The expectation is that beef production will increase for 2015 and 2016, said US Department of Agriculture officials in the October World Agricultural Supply and Demand Estimates (WASDE) report.
“The forecast for 2016 is raised as cattle slaughter and carcass weights in the first half are projected higher than last month,” officials said.
Beef imports are forecast to stay the same, which is at a larger amount than 2014, and export expectations have dropped as demand has is still weak, they said.
“Cattle prices for 2015 and 2016 are reduced from last month on current large supplies of market ready cattle, weaker demand and competition from relatively large supplies of competing meats,” they added.
Details on domestic trends
This fall had seen a price drop, said Stan Bevers, extension service economist with Texas A&M. Some of the lower prices came from feedlots starting to hold cattle longer than in the past.
Packers dropped slaughter prices on the larger animals, which affects the feeders and eventually lowers the calf prices, he told FeedNavigator.
“As we hold cattle in the feed lot those cattle keep getting bigger,” he said. Some fed cattle weights are reaching 1,600 and 1,700 pounds, he added.
There are several factors that can cause feed yards to start holding cattle longer, he said. These include the fact that the sale of the calf will come at a loss and that the low price of feed makes it easier to feed longer.
“It’s still carried on the books as a purchase plus feed [cost] until you sell it,” he said. However, in the last two weeks there has been a slight upturn in the cattle price as feed lots start to work through the supply of larger cattle, he said.
“We usually bottom out in August or September, but that didn’t happen until the last few weeks,” Bevers said. “Hopefully [it will last] through the end of the year – this is a time when calf prices and cattle prices tend to increase from a seasonality standpoint.”
But he expects 2016 may be the start of lower prices for several years as ranchers are building herds and so there will be larger numbers of animals in the feed yards and calf markets.
Iowa is seeing similar trends come through, said Lee Schulz, assistant professor of economics at Iowa State University. “In Iowa and Minnesota weights have drastically increased from mid-year and it helps explain the large cattle purge, that’s something the market is working through currently,” he added.
The state also is starting to see increases of cattle “on feed,” he said.
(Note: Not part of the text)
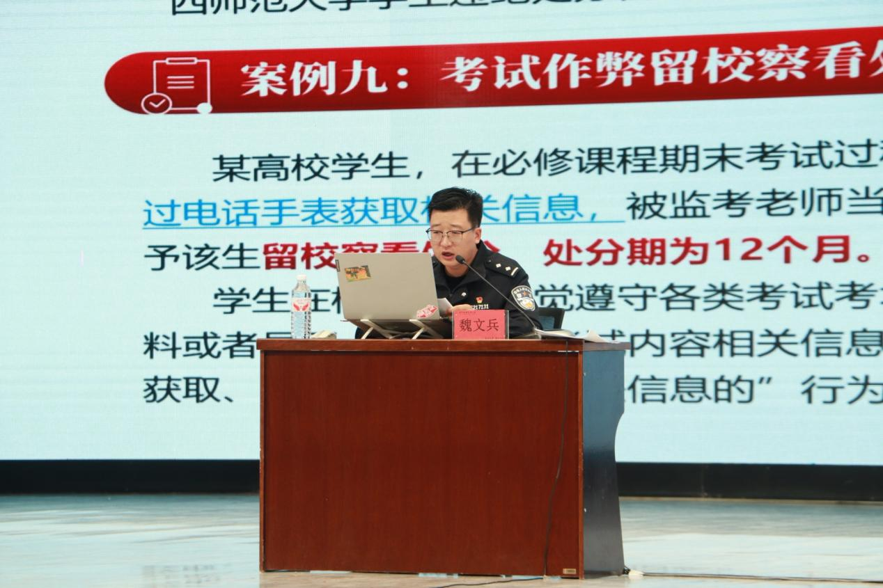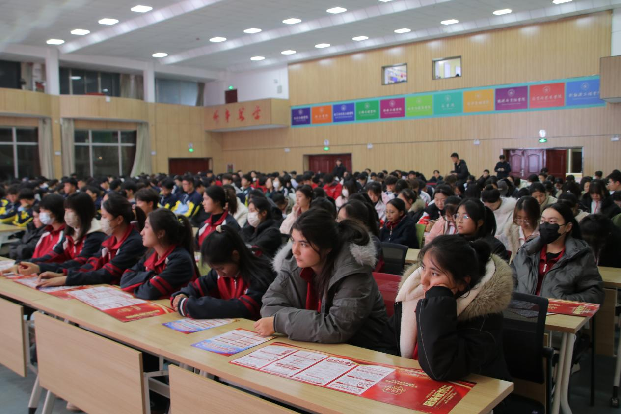 为深入学习宣传习近平法治思想,推动宪法精神进校园、入人心,落实立德树人根本任务。学校于2025年12月2日组织开展“法治护航青春 知法守护未来”专题法治课活动。活动采用“主会场线下集中授课 + 分会场线上同步直播”模式,覆盖全校学生,活动特别邀请甘肃省酒泉监狱魏文兵警官担任主讲嘉宾。

The national numbers are up 3% and Iowa’s are up 7%, he added. And, August placements are up 11%.
“That does speak to the competitiveness of the Iowa feed lot,” he said.
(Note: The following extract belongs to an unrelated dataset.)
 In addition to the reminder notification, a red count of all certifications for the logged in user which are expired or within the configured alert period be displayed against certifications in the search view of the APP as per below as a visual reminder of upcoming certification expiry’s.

However, 2014 may have been the apex for cow/calf returns, he said. Returns over cash cost in 2015 are around $400, and in 2016 are expected to drop to a $300 range, both of which remain higher than $100-$200 range seen historically.
“That’s reflective of the tight supplies that the industry has gotten into and the levels needed to trigger industry wide expansion,” he said. He added that the high calf and feeder prices have been a pressure for feedlots.
In the international market there has been a large jump in imports for the US, said Alex Melton, economist with the economic research service at the USDA. An extended drought in Australia has led to increased slaughter there as many animals are raised on pasture.
Import numbers are expected to slow however as Australia limits its export amounts to the US, Melton said.
US exports, however, have been down, he said. This has been prompted by the strength of the dollar and lower levels of domestic slaughter.
Currently, the export market to Japan is slowly rebuilding, he said, and that market is one to watch in the future. “Mexico is an important area to look at for beef and cattle imports and exports,” he added.
Cattle exports to Mexico for the period from January to August 2015 were 12,555 head, down from 19,611 head during the same time in 2014, said the USDA in a meat and livestock annual cumulative year-to-date trade report. Imports of cattle from Mexico during the same time period have gone up from about 664,000 head in 2014 to 773,000 in 2015.
Both imports and exports of cattle by head from Canada however are slightly down, said the USDA report for the January to August period from 2014 to 2015.
However, the current levels of both cattle imports and exports to Canada are continuing to follow the typical fluctuations of a long-term trend, Melton said.
Longer term changes
Central US states, like Iowa, are starting to see a larger increase in herd sizes compared to the growing herds in other parts of the country, said Schulz.
“If you look at the Corn Belt region, we represent about 15% of the national herd, and that increased about 3% year-over-year,” he said. “We’ve had increased stocking rate abilities and faster recovery from drought.”
Some of the national herd is moving north, he said.
“A lot of the corn production is here in Iowa,” he said. “The availability of the distiller grains has made us very competitive in cattle finishing.”
However, there is some competition for grazing land, Schulz said. But, moderation of the grain prices has meant that the cost of land to use as pasture has started to come down.
One trend that not everyone in the industry wants to see continue is the increase of slaughter weights.
“I think we’ll continue that trend, but it may slow down some and hopefully feed lots will learn their lesson, that cattle get fat if you feed them enough,” said Bevers. “You can’t hold them that long.”
He added that the industry may be getting to the limit of the weight it can put on an animal.